I have a 2004 Southwind 37c Model with3 pops. The rear bedroom slide stopped retracting when the switch is used. the switch and controler seem to be working and have been checked out by an electrician. Anybody have any ideas on how to fix it so the switch will work. It is jury rigged now so I can use the slide.


----------



## DrScud (May 30, 2006)

Rear slide

Replace the switch?


----------



## rlmurraysr59 (Jun 23, 2006)

RE: Rear slide

I have a 2002 Southwind 37U with a rear slide.  The first time we took it out the slide stopped working.  I looked at the book for the slide out and it showed the electrical panel and how to crank it in an emergency.  Since I am mechanically inclined to a certain extent I decided to do some investigating.  

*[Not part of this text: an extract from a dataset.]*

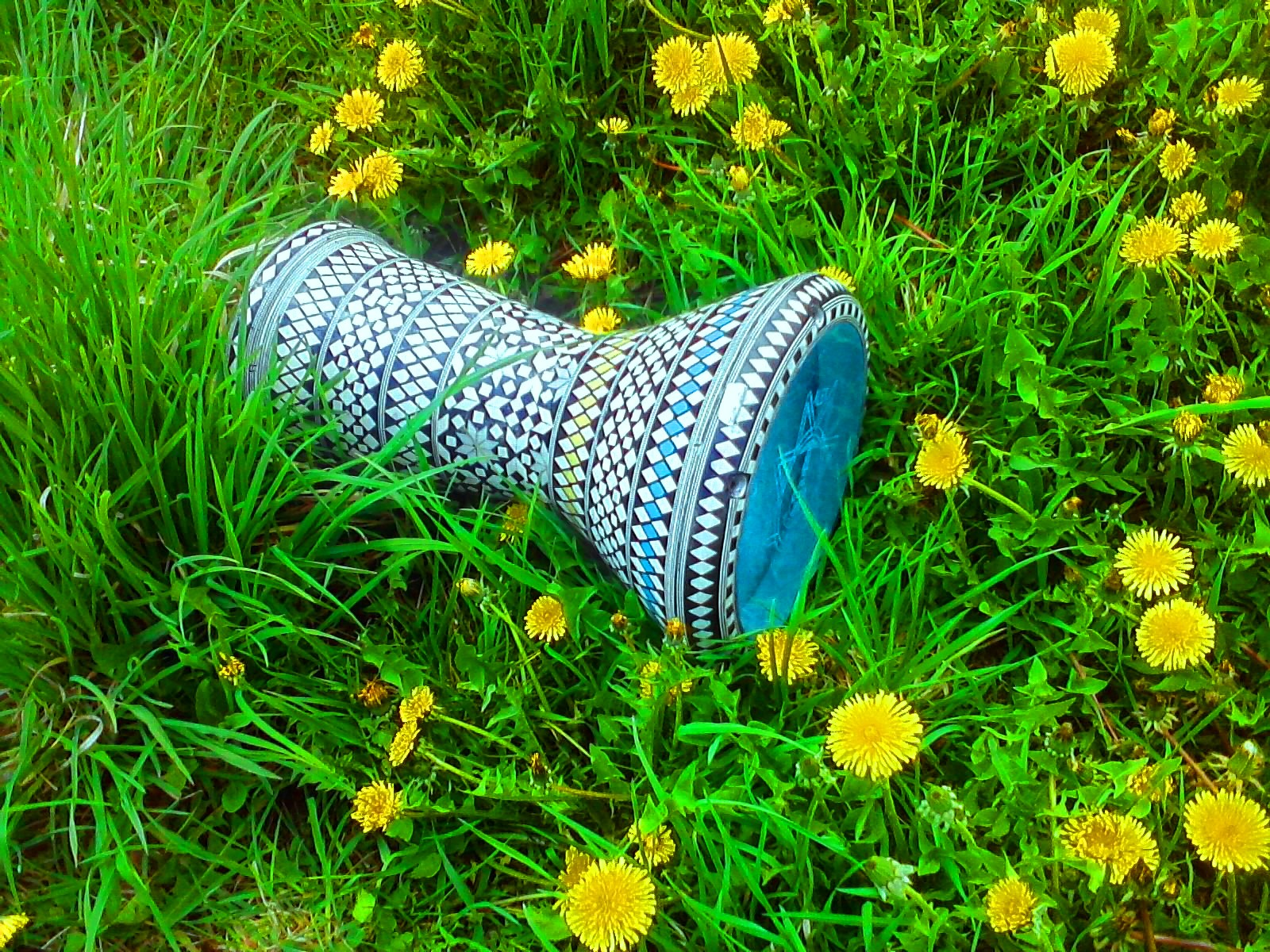 Darbuka

I removed the cover under the bed where the slide out mechanism is located.  To my surprise it was full of sawdust, aluminum chips, pieces of carpet, scraps of electrical wire, etc.  Wonder I didn't find the remains of the Fleetwood employee who must have been asleep on the job when this thing was covered up.  I wrote to Fleetwood but they didn't care, they had their money.

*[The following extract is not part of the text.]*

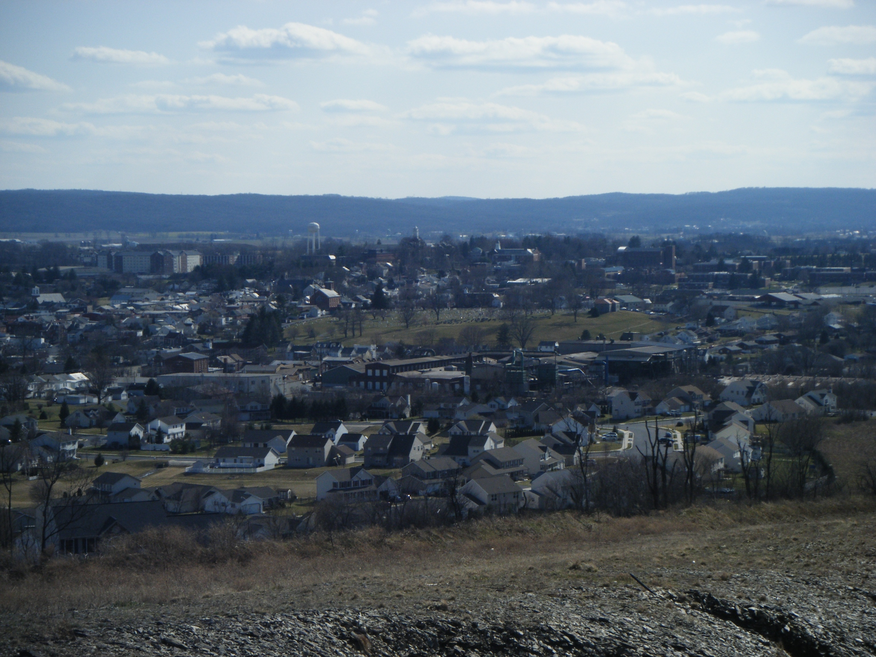 A view of Kutztown, Pennsylvania from a hill to the north of town

After I cleaned and lubricated the mechanism and resealed it I started looking at the electric panels and breakers.  I disconnected the wires from the front slide and hooked the wires from the rear slide to it.  I then went to the switch for the front slide and walla, the rear slide came in perfectly.  I knew I couldn't do that all the time so I started looking at the rear slide panel.  I noticed something that wasn't mentioned in the service manual.  There is a "slo-blow" fuse next to the relay.  I took it out and put it on my trusty old ohm meter and nothing.  The fuse was blown probably from trying to move the mechanism through all that dirt.  I pulled the fuse from the front slide and when I installed it in the rear slide it worked.  So the problem was a blown fuse.

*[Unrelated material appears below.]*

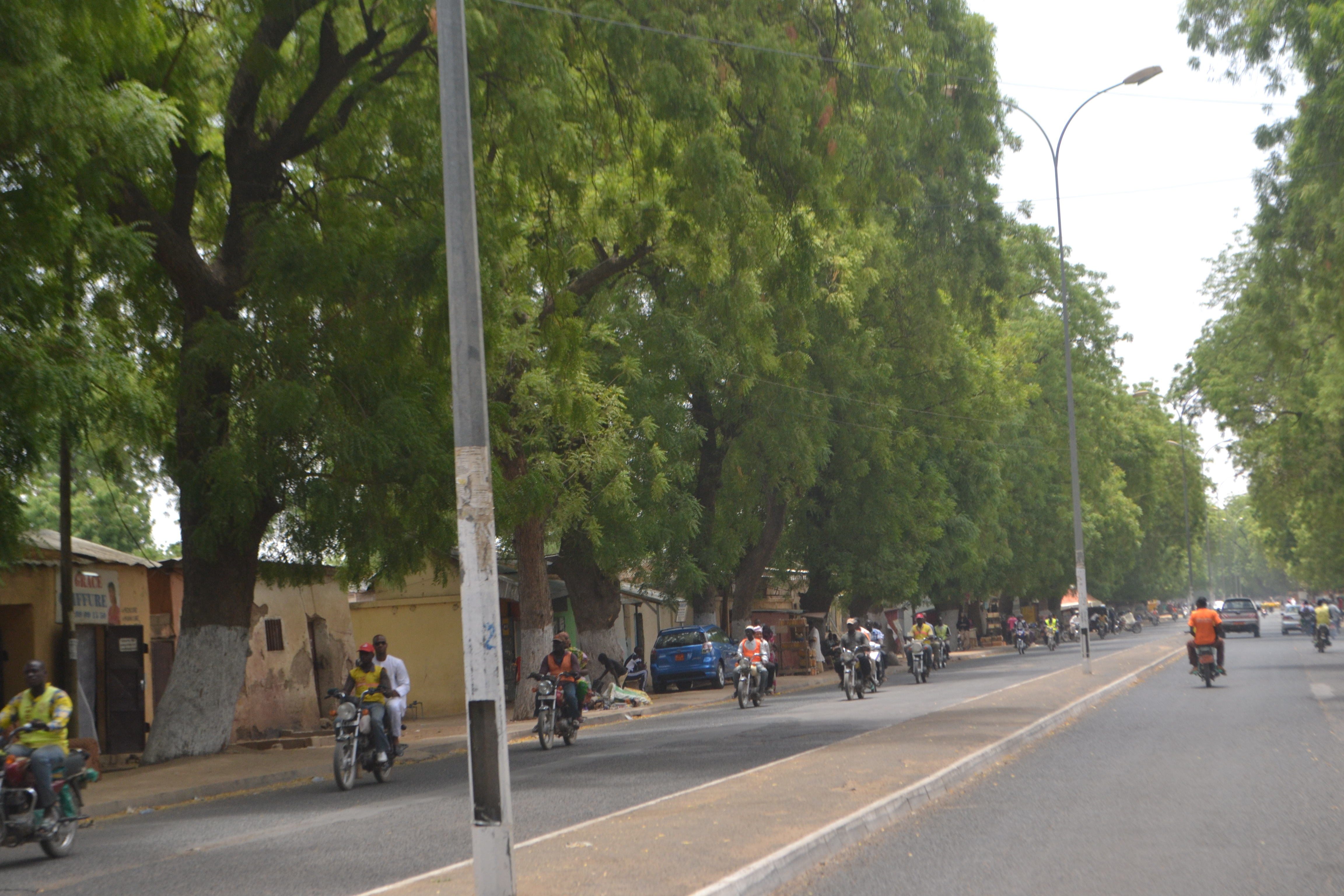 This is an image with the theme "Africa on the Move or Transport" from: Cameroon

Now you are probably wondering why I didn't try that first.  The service manual didn't say anything about a "slo-blow" fuse being part of the electrical panel.  I now keep a couple spares on hand but haven't had any more problems.

So changing the switch may be a simple solution but if your unit is like mine the switch is keyed and the slides all work with the same key.  Changing the switch would just be another agravation to endure.  So I would suggest you get a volt meter that has an ohm meter with it, read the instructions on how to use it if you don't know, and then test the electrical circuits.  It is twelve volts so there isn't much danger of getting a shock but be careful cause you will be messing around in the area where all the wires are run.  I would suggest disconnecting the land line while checking it out.

Good luck.  I sometimes say a lot to get to the point.  Hope you enjoy the answer.


----------